• _Task instructions_
In the entries that follow, repeat exactly the lines from the one that has "A clean, modern" through the one that has "Both an ordinary", but omit pictures.

• _Information_
======

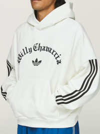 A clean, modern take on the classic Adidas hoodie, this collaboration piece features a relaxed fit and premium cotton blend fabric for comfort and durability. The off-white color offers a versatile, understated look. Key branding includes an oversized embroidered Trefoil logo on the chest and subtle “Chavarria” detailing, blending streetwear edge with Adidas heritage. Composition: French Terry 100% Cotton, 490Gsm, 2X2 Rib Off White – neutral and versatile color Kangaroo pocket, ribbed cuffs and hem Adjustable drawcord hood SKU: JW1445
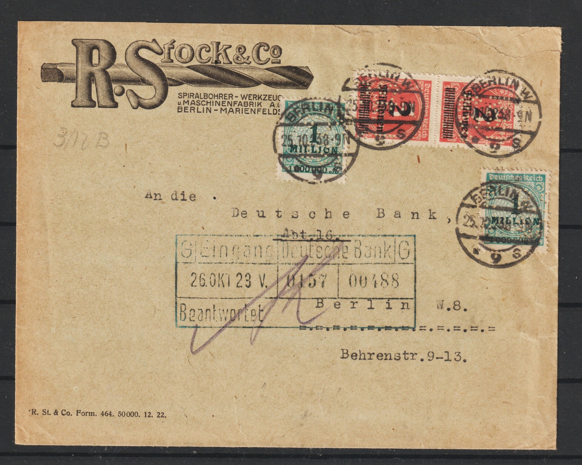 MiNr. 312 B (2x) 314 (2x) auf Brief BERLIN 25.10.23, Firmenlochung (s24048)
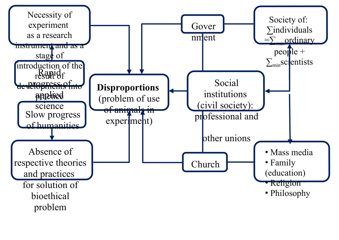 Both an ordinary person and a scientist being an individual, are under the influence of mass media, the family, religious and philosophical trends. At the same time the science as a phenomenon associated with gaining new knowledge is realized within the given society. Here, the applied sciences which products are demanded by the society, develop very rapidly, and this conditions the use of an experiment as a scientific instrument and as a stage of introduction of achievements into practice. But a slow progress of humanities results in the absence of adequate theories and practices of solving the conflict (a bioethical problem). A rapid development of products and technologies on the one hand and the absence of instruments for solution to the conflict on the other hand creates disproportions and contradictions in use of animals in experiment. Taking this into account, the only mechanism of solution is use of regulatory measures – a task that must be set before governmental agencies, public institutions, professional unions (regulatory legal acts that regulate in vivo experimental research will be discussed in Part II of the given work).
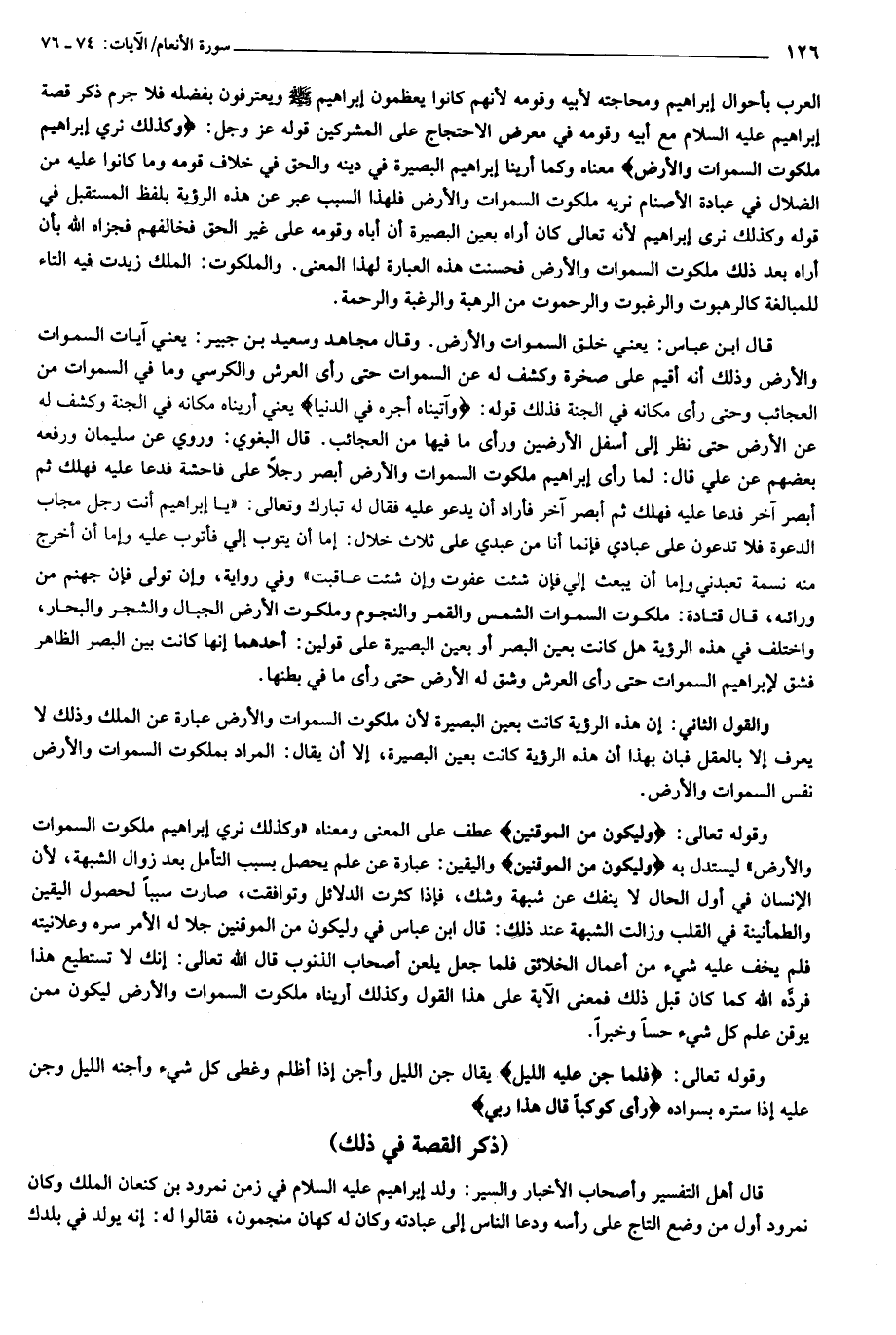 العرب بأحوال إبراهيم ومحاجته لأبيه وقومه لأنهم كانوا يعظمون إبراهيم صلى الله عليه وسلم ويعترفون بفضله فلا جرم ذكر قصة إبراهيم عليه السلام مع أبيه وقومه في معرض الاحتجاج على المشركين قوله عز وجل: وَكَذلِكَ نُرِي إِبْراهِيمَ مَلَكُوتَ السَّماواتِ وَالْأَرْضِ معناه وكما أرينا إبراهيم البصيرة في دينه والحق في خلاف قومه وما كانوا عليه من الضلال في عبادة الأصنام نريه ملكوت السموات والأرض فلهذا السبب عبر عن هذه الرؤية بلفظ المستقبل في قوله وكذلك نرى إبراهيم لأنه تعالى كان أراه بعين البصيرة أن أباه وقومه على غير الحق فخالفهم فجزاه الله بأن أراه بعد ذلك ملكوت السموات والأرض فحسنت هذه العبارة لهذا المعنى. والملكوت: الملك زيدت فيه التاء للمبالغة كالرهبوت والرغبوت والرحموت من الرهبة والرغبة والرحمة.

======

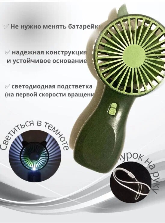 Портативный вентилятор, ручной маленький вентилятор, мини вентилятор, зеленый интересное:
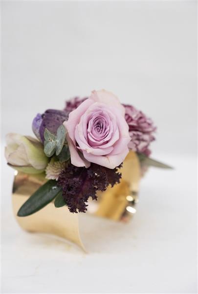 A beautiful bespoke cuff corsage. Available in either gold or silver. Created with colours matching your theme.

======

• _Response below_
 A clean, modern take on the classic Adidas hoodie, this collaboration piece features a relaxed fit and premium cotton blend fabric for comfort and durability. The off-white color offers a versatile, understated look. Key branding includes an oversized embroidered Trefoil logo on the chest and subtle “Chavarria” detailing, blending streetwear edge with Adidas heritage. Composition: French Terry 100% Cotton, 490Gsm, 2X2 Rib Off White – neutral and versatile color Kangaroo pocket, ribbed cuffs and hem Adjustable drawcord hood SKU: JW1445
 MiNr. 312 B (2x) 314 (2x) auf Brief BERLIN 25.10.23, Firmenlochung (s24048)
 Both an ordinary person and a scientist being an individual, are under the influence of mass media, the family, religious and philosophical trends. At the same time the science as a phenomenon associated with gaining new knowledge is realized within the given society. Here, the applied sciences which products are demanded by the society, develop very rapidly, and this conditions the use of an experiment as a scientific instrument and as a stage of introduction of achievements into practice. But a slow progress of humanities results in the absence of adequate theories and practices of solving the conflict (a bioethical problem). A rapid development of products and technologies on the one hand and the absence of instruments for solution to the conflict on the other hand creates disproportions and contradictions in use of animals in experiment. Taking this into account, the only mechanism of solution is use of regulatory measures – a task that must be set before governmental agencies, public institutions, professional unions (regulatory legal acts that regulate in vivo experimental research will be discussed in Part II of the given work).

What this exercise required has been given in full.